**Exercise data:**
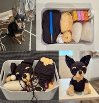 I love to crochet. My commissioned work ranges from recreating pets to making huggable pop culture icons and custom pickleball playing pickles. For a quote on a custom crochet project click the “Get A Quote!” button below.
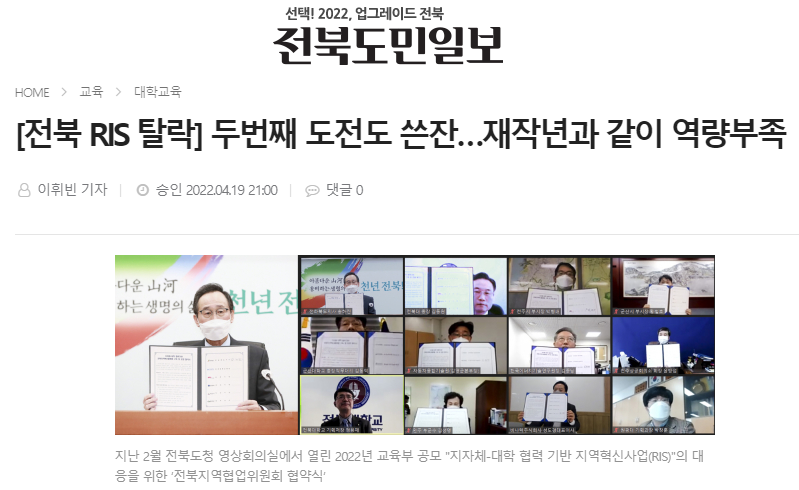 [전북도민일보] 전북도-전북대 RIS사업 탈락 ‘누구 책임인가’(4/20, 2면, 이휘빈)
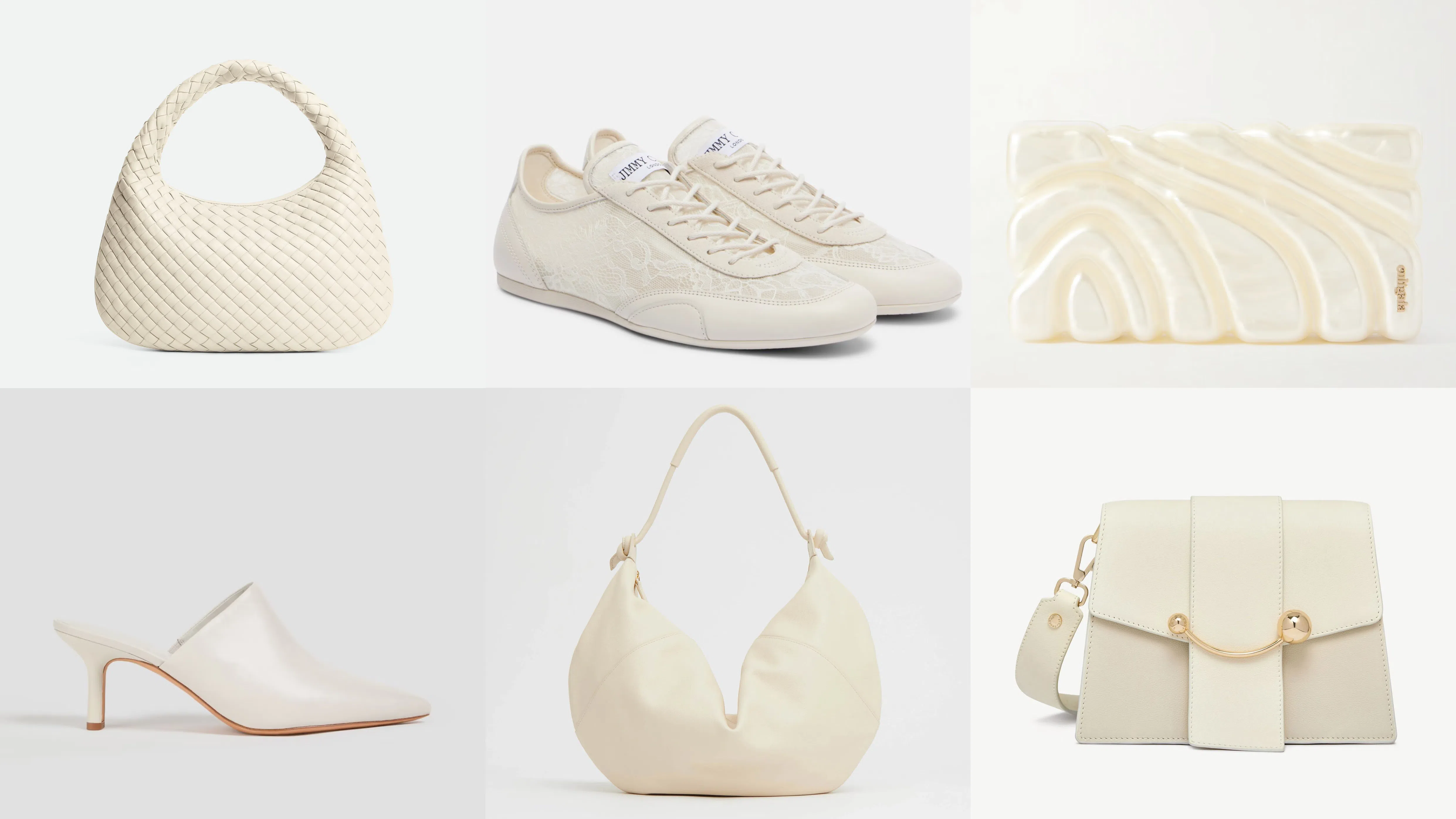 2026年年度色Cloud Dancer(云舞白,PANTONE 11-4201)(图:Bottega Veneta, Mytheresa, NET-A-PORTER, THE OUTNET, Mansur Gavriel, Strathberry)
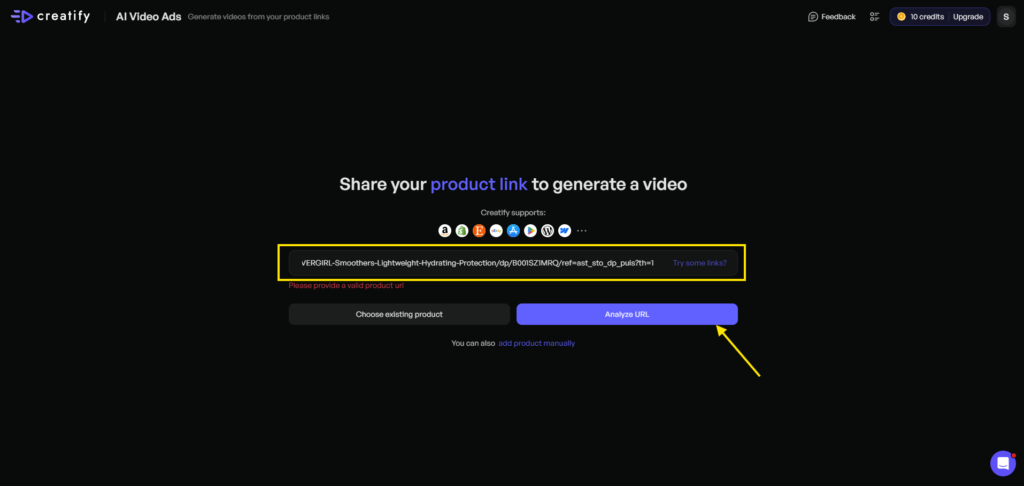 Now hit the “ANALYSE URL”, and Creatify will take some time to analyse your product URL.
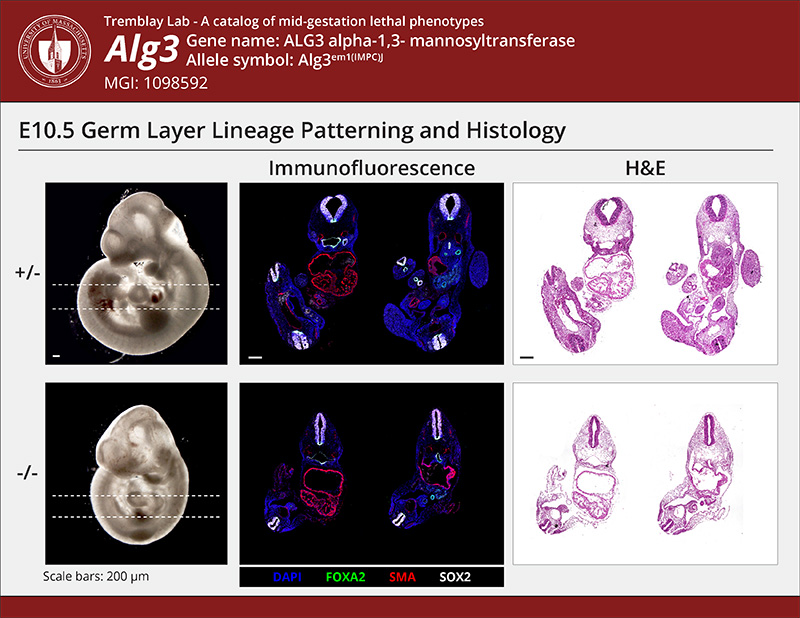 | Caption | E10.5 Alg3em1(IMPC)J/Alg3em1(IMPC)J (-/-) embryos are smaller than control littermates and as revealed by the H&E staining the loose mesenchyme surrounding the neural tube, particularly in the anterior portion of the embryo appears less dense than the control littermates. | ||||

**Your instructions:**
Transcribe all the lines above exactly, apart from the pictures.

**Task solution:**
 I love to crochet. My commissioned work ranges from recreating pets to making huggable pop culture icons and custom pickleball playing pickles. For a quote on a custom crochet project click the “Get A Quote!” button below.
 [전북도민일보] 전북도-전북대 RIS사업 탈락 ‘누구 책임인가’(4/20, 2면, 이휘빈)
 2026年年度色Cloud Dancer(云舞白,PANTONE 11-4201)(图:Bottega Veneta, Mytheresa, NET-A-PORTER, THE OUTNET, Mansur Gavriel, Strathberry)
 Now hit the “ANALYSE URL”, and Creatify will take some time to analyse your product URL.
 | Caption | E10.5 Alg3em1(IMPC)J/Alg3em1(IMPC)J (-/-) embryos are smaller than control littermates and as revealed by the H&E staining the loose mesenchyme surrounding the neural tube, particularly in the anterior portion of the embryo appears less dense than the control littermates. | ||||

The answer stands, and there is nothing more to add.